The american Teaculture
American restaurants and workplaces typically offer machine-made drip brew coffee by default, while hot tea brewed by the cup with tea bags, an American invention, is available by request. Tea has played an important role in the United States, as families tend to gather around the kitchen and tea is often served here. Although many may equate tea to grandmothers, tea drinking is popular with all ages. Tea parties can be celebrated for many occasions, from the very small and intimate to the large family gatherings and celebrations. Tea can be served at dawn, early morning, midday, or whenever tea is desired. In the U.S. south, pre-brewed, chilled, and sweetened tea, a regional favorite called sweet tea, may be served at all meals and throughout the day as an alternate to other beverages. In the United States, about 85% of the tea consumed is served cold, or iced. Iced tea is more frequently consumed during periods of hot weather or in lower latitudes, and hot tea is likewise more common in colder weather. Any confusion when one is visiting different parts of the country can easily be solved by explicitly asking for either "hot tea" or "iced tea." Afternoon tea, as a meal, is rarely served in the U.S. except in ritualized special occasions such as the tea party or an afternoon out at a high-end hotel or restaurant, which may also offer cream tea on their menu.
The American Tea culture is a part of the history of the United States, as this beverage appeals to all classes and has adapted to the customs of the United States of America.

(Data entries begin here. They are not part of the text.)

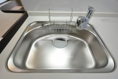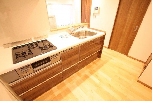 設備は3口ガスコンロにグリル、浄水器一体型水栓に食洗器も付いて充実しています。
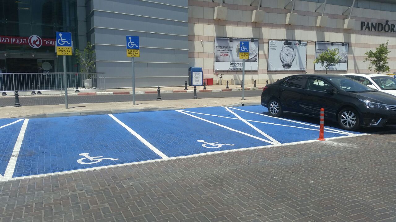 חטיבת מנגישים מבצעת צביעת חניות לנכים בהתאם לתקנות.
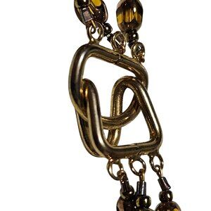 This elegant vintage necklace features three strands of vibrant red and gold beads. The geometric clasp adds a modern touch to its timeless design.
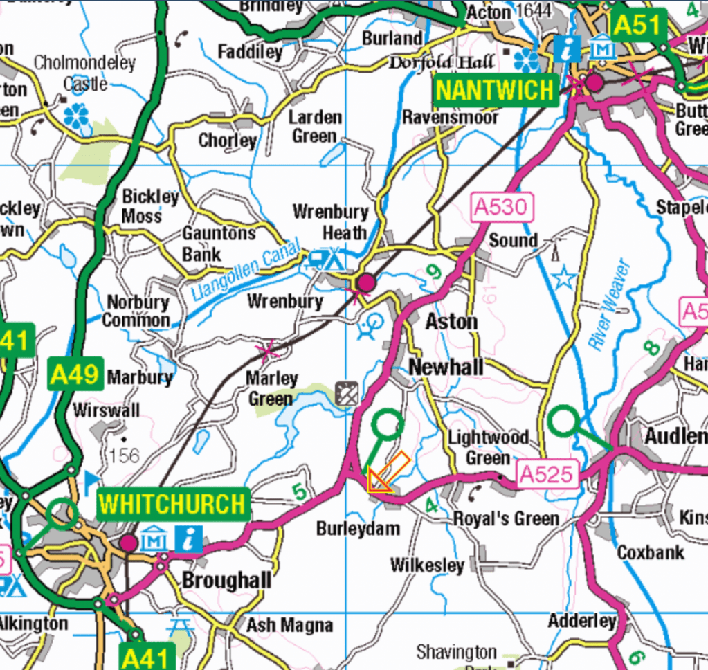 After 3 miles pass the Shropshire border sign and take a right signposted Audlem.
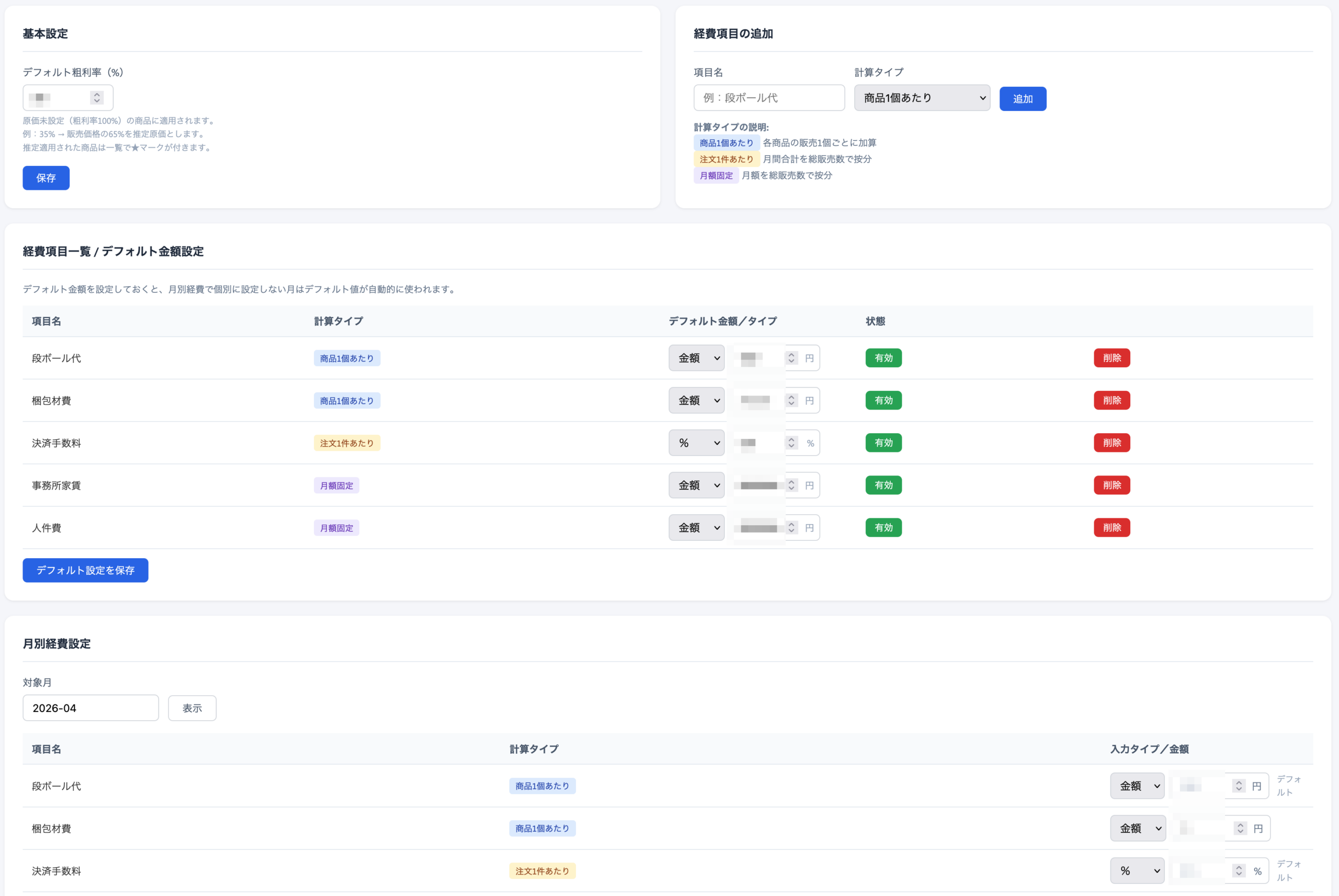 段ボール代・梱包材費・手数料など、経費項目を「件あたり」「個あたり」「月額固定」の3タイプで柔軟に設定可能。月ごとの金額変更にも対応し、変動費・固定費を分離した精度の高い損益計算を実現しています。

In the Dutch colony of New Amsterdam, now known as New York, tea was served with the best silver strainers, the finest porcelain cups and pots, and wooden tea caddies. Tea became a very popular drink in the colonies, and tea ceremonies were common among all classes. In Salem, MA, tea leaves were boiled to create a bitter brew, then served as a vegetable side dish with butter. By the time of the American Revolution, tea was drunk everywhere from the backwoods to the cities.
However, tea and tea taxes became a bone of contention between the American Colonies and Great Britain. This led to the 1773 Boston Tea Party, a precipitating event of the Revolution, when angry Colonists destroyed the tea cargo of three British ships by dumping them into Boston Harbor. As a consequence, tea drinking became unpatriotic. Boycotts of tea led to an increase in consumption of other beverages, such as coffee or herbal teas infused with peppermint, sage or dandelions.
To this day, coffee remains more popular than tea in the United States; however the U.S. still consumed 7.8 gallons of tea per capita annually. While coffee is by far more popular, hot brewed black tea is enjoyed both with meals and as a refreshment by much of the population. Similarly, iced tea is consumed throughout. In the Southeastern states sweet tea, sweetened with large amounts of sugar or an artificial sweetener and chilled, is the fashion. Outside the Southeast, sweet tea is sometimes found, but primarily because of cultural migration and commercialization.
The American specialty tea market has quadrupled in the years from 1993–2008, now being worth $6.8 billion a year. Similar to the trend of better coffee and better wines, this tremendous increase was partly due to consumers who choose to trade up. Specialty tea houses and retailers also started to pop up during this period.